Search

Game of Thrones season 8, episode 5: why Daenerys turning dark makes sense - Vox.com

After Sunday’s fourth episode of Game of Thrones season eight, “The Last of the Starks,” it seems clear that Daenerys Targaryen is going to a dark place in the show’s final chapters.

Dany began the episode mourning the loss of one of her closest advisers (Jorah Mormont) and ended it losing another (Missandei). In between, she lost one of her “children” (Rhaegal the dragon) — and her ostensible allies began expressing serious doubts about her fitness as a ruler and even her “state of mind” (in Varys’s words). And she seems set to defy her advisers and rain serious destruction on King’s Landing in this weekend’s fifth episode.

Whether Dany ends up going full-on “mad queen” or just piles up a high body count, it’s already a controversial turn for one of Game of Thrones’ most sympathetic and admirable protagonists; my colleague Alex Abad-Santos, for instance, has criticized it sharply.

But in my view, this turn is inevitable. It’s been amply foreshadowed across several seasons of the TV show (though season eight’s execution of it has been rather ham-handed), and based on George R.R. Martin’s A Song of Ice and Fire novels, it seems to be what Martin planned all along.

I wrote while season five was airing (in 2015) and again during season six (in 2016) that I thought Game of Thrones’ showrunners were laying the groundwork for Dany to become the series’ final antagonist, at least in some form. And while there still is Cersei Lannister to deal with, Dany going dark is looking more likely than ever after “The Last of the Starks.”

Here’s why I’ve long thought this was the showrunners’ — and Martin’s — endgame.

It’s been difficult for many to imagine Dany breaking bad because she’s been one of Game of Thrones’ most moral figures. Where most other characters have ignored the exploitation and abuse of the least powerful, Dany has actually tried to do something about it. She went on a multi-season quest to end slavery, after all.

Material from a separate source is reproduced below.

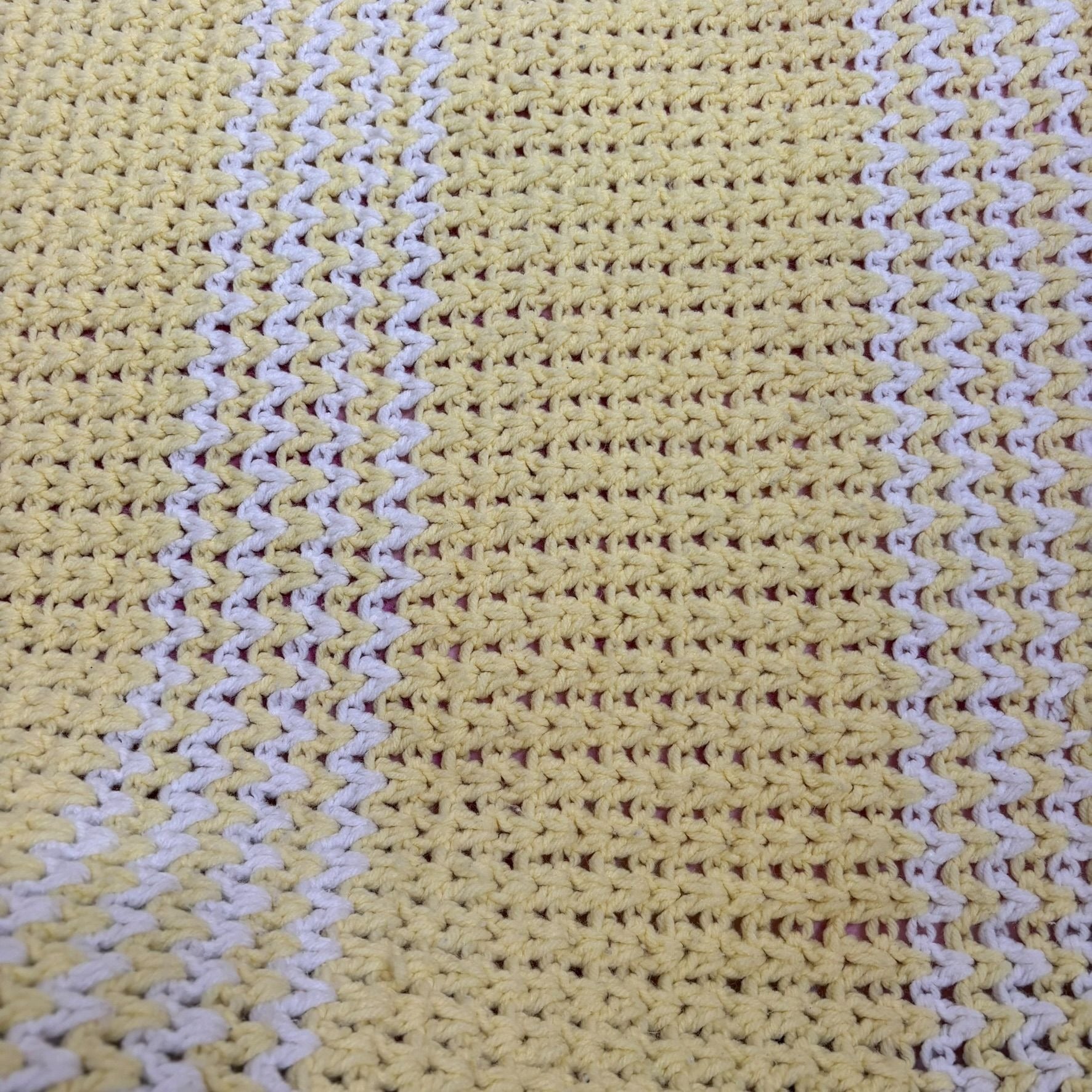 Handmade Yellow White Crochet Throw Baby Blanket Yarn Fringe Edges 35 x 60
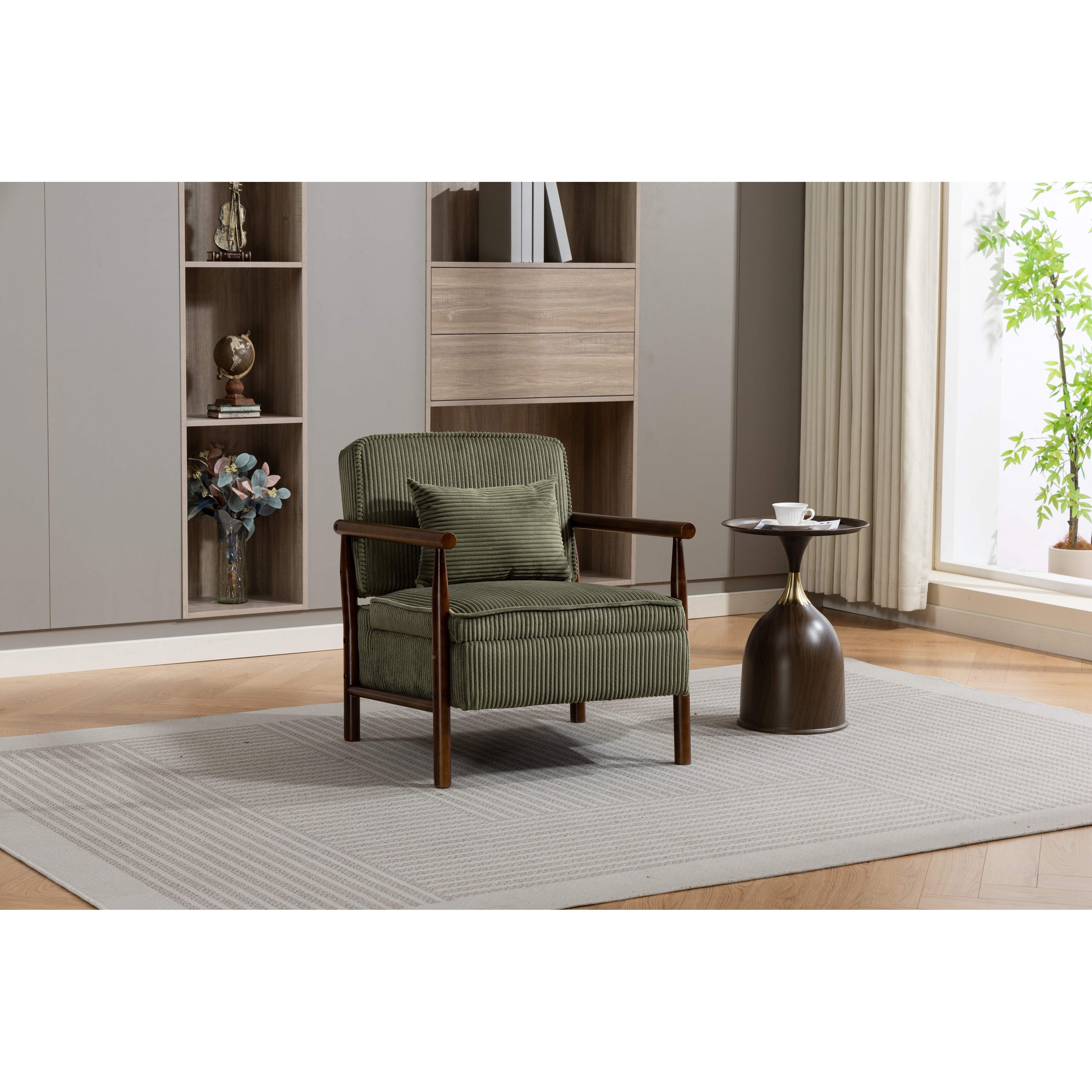 Mid Century Modern Accent Chair with Wood Frame, Upholstered Living Room Chairs with Waist Cushion

And on the whole, her story has been an empowering and inspiring one.

But the great power her dragons give her also gives her the capacity for great violence — and showrunners David Benioff and D.B. Weiss have often seeded the possibility that she could go too far. “As the sphere of her empathy widens, the sphere of her cruelty widens as well,” Weiss said all the way back in 2013, in an “Inside the Episode” segment from season three.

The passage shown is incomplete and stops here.